#### [Activity]
Return every line in the entries below where the word "This" shows up.

---+---

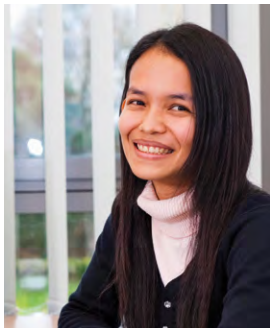
Skulrat from Thailand

“I was very happy to participate in the Quality Engineering course. All the professors, staff and students were very friendly and helpful, and the study support system OSCA was very useful. I learned many new things in the technical modules, and it was a pleasure to master tasks with practical applications. I took part in many activities for students where you can meet new friends. The course was a good opportunity to study not only engineering moduls, but also English and German.“
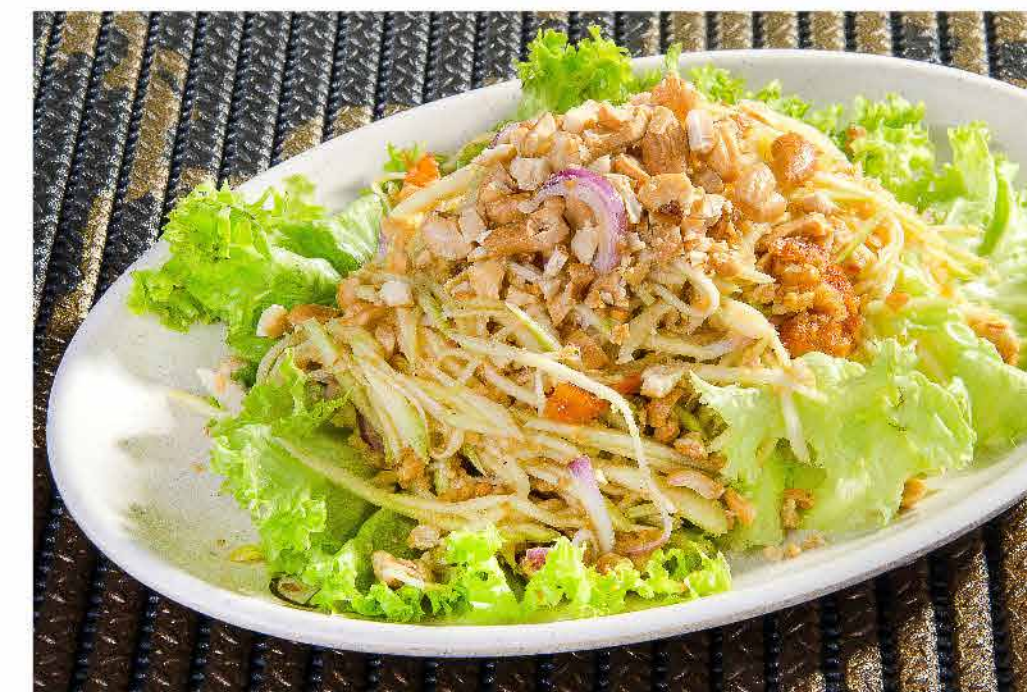
泰式芒果沙律 Green Mango Salad in Thai Style
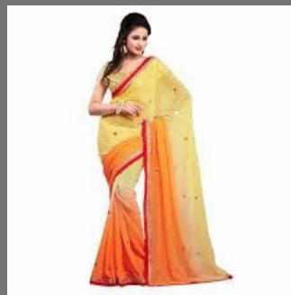
Chiffon Bollywood Saree
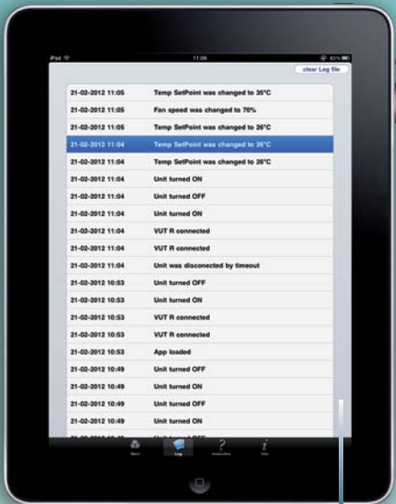
Event and user activity log
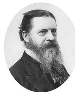
Figure 1: C.S. Peirce

C.S. Peirce was born in 1839 in Cambridge, the son of a Harvard Professor. Peirce had an excellent knowledge of the history of Philosophy. He was especially influenced by the scholastic thinkers. Peirce was an idealist, and thus he refused to accept a materialistic concept of nature. C.S. Peirce adopted the term Pragmatism from Immanuel Kant, who had made a distinction between the Pragmatic and the Practical. Peirce interpreted Pragmatism as a method whereby ideas can be made clear, not a utilitarian technique. When the philosophy of James became very popular, Peirce made it clear that his own view did not follow James's and he called his theory Pragmatism.
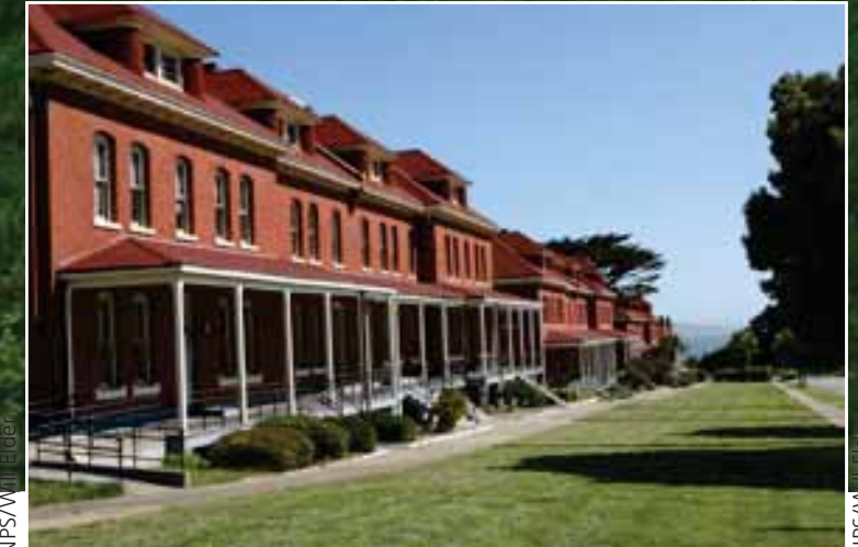
The Presidio's former enlisted men's barracks date from the 1890s. Along with echoes of San Francisco's military past, the Presidio has much to offer recreation lovers. Top: Golden Gate Bridge from Crissy Field.

Whether you are a visitor to the Bay Area or a lifelong resident, Golden Gate National Recreation Area offers you experiences you can find nowhere else. This national park area has some world renowned destinations—Alcatraz and Muir Woods, for example—as well as some places where you might not encounter another human being. Everywhere there are surprises, from the ridgetop where Spanish explorers first sighted San Francisco Bay to a Cold War-era missile site.
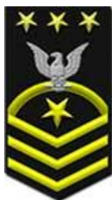
Master Chief Petty Officer Special Rating Badge (MCPON)
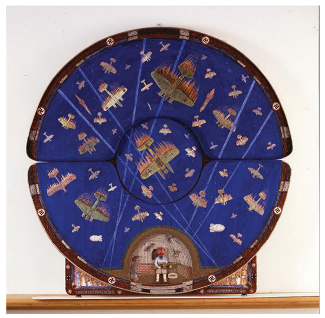
Tommy and the Scottish Sky. 2007. Mixed media, 47½ inches in diameter, 1½ inches deep.

physically make them, whether it's a sculpture or a wall hanging or a relief. [ He holds up a pad. ] This is sketch pad number 91. I write down every idea that I get. Sometimes I wake up in the middle of the night, and I'll have solved a problem. I'll get up and write it down. I just did a study for a piece I was thinking of doing, a burning tank series.

---+---

#### [Output of the task]
Whether you are a visitor to the Bay Area or a lifelong resident, Golden Gate National Recreation Area offers you experiences you can find nowhere else. This national park area has some world renowned destinations—Alcatraz and Muir Woods, for example—as well as some places where you might not encounter another human being. Everywhere there are surprises, from the ridgetop where Spanish explorers first sighted San Francisco Bay to a Cold War-era missile site.
physically make them, whether it's a sculpture or a wall hanging or a relief. [ He holds up a pad. ] This is sketch pad number 91. I write down every idea that I get. Sometimes I wake up in the middle of the night, and I'll have solved a problem. I'll get up and write it down. I just did a study for a piece I was thinking of doing, a burning tank series.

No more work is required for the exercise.